Python：删除重复项并指示索引

Question

Below is the tuple for 3D point group (nine points)

f = [[10, 20, 0], 
    [40, 20, 30], 
    [20, 0, 30], 
    [10, 10, 0], 
    [30, 10, 10], 
    [20, 0, 30], 
    [20, 10, 20], 
    [10, 10, 0],
    [20, 0, 30]]

Each point corresponds with a certain number (index) indicating the type of point (assumption)

ic=[1,2,3,2,1,3,2,3,1]

Hence, the previous tuple could be presented as

f = [[10, 20, 0, 1], 
    [40, 20, 30, 2], 
    [20, 0, 30, 3], 
    [10, 10, 0, 2], 
    [30, 10, 10, 1], 
    [20, 0, 30, 3], 
    [20, 10, 20, 2], 
    [10, 10, 0, 3],
    [20, 0, 30, 1]]

Here is my code:

uniq = []
dup = []
count = 0
for i, j, k  in f:
    if not [f.index([i,j,k]),i,j,k] in uniq:
        uniq.append([count,i,j,k])
    else:
        dup.append([count,i,j,k,"duplicate"])
    count += 1
uniq.extend(dup)
print(uniq)

for i,j in enumerate(uniq):
    j.append(ic[j[0]])
print(unique)

The result I want to obtain is shown below:

Unique part:

index       point         equivalent points    index for same point
  0      [10, 20, 0, 1]           1                   [1]
  1      [40, 20, 30, 2]          1                   [2]
  2      [20, 0, 30, 3]           3                 [3,3,1]
  3      [10, 10, 0, 2]           2                  [2,3]
  4      [30, 10, 10, 1]          1                   [1]
  6      [20, 10, 20, 2]          1                   [2]

Duplicate part:

index       point         Duplicate or not
  5      [20, 0, 30, 3]       duplicate
  7      [10, 10, 0, 3]       duplicate
  8      [20, 0, 30, 1]       duplicate

My code is intended to realize the function of picking the duplicated points out and also indicating its index in the list. In addition, I also need to realize function showing how many equivalent points in my unique part and also the index for these equivalent points.

How can I revise it?

Answer 1

I'm not sure I follow where you're getting your index points, but here's how I'd count for duplicates. First you need immutable datatypes to count, so change your sublists to real tuples, and use collections.Counter to count them:

import pprint # do your imports first
import collections


f = [[10, 20, 0], [40, 20, 30], [20, 0, 30], [10, 10, 0], [30, 10, 10], [20, 0, 30], [20, 10, 20], [10, 10, 0], [20, 0, 30]]
t = [tuple(i) for i in f] # we need immutable datatypes to count

counts = collections.Counter(t)
pprint.pprint(counts)

prints

{(10, 10, 0): 2,
 (10, 20, 0): 1,
 (20, 0, 30): 3,
 (20, 10, 20): 1,
 (30, 10, 10): 1,
 (40, 20, 30): 1}

And as you may intuit, Counter is just a subclassed dict , and has all the normal dict methods.

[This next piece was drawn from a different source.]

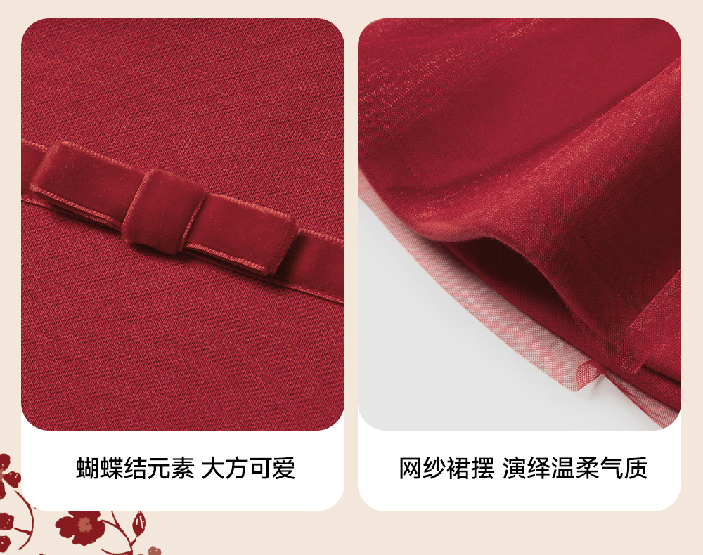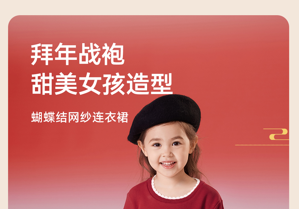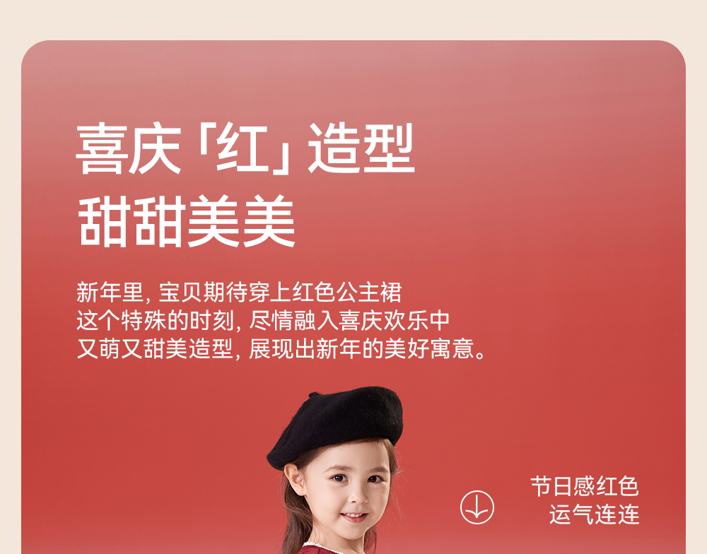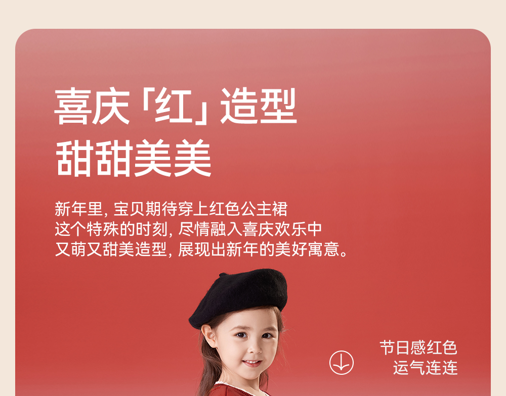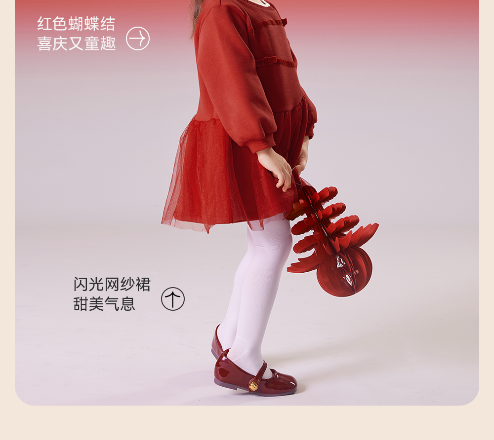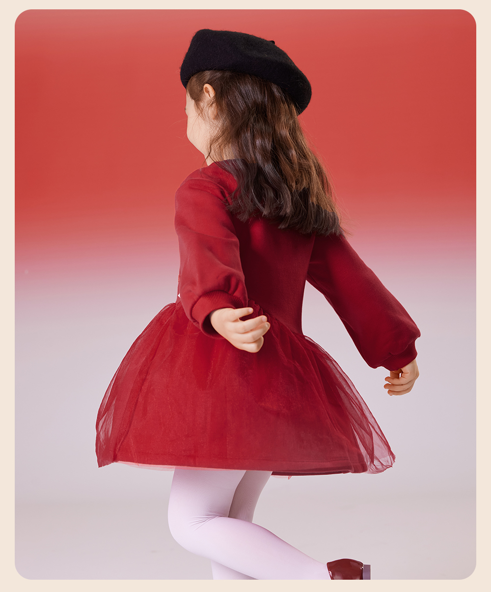 英氏女童裙子加绒秋冬保暖女童连衣裙长袖裙子新款喜庆拜年服

To get your uniques and dupes:

uniques = [k for k, v in counts.items() if v == 1]

which returns

[(10, 20, 0), (30, 10, 10), (40, 20, 30), (20, 10, 20)]

and

dupes = [k for k, v in counts.items() if v > 1]

returns

[(20, 0, 30), (10, 10, 0)]

Answer 2

for j in uniq+dup:
    if "duplicate" not in j:
        j += ic[j[0]],f.count(j[1:4]), [ic[j[0]]]
    else:
        j.append(ic[j[0]])    

for i in dup:
    for j in uniq:
        if i[1:4] == j[1:4]:
            j[-1].append(i[-1])

[[5, 20, 0, 30, 'duplicate', 3], [7, 10, 10, 0, 'duplicate', 3], [8, 20, 0, 30, 'duplicate', 1]]

[[0, 10, 20, 0, 1, 1, [1]], [1, 40, 20, 30, 2, 1, [2]], [2, 20, 0, 30, 3, 3, [3, 3, 1]], [3, 10, 10, 0, 2, 2, [2, 3]], [4, 30, 10, 10, 1, 1, [1]], [6, 20, 10, 20, 2, 1, [2]]]

This will add the count to each sublist without changing your original structure.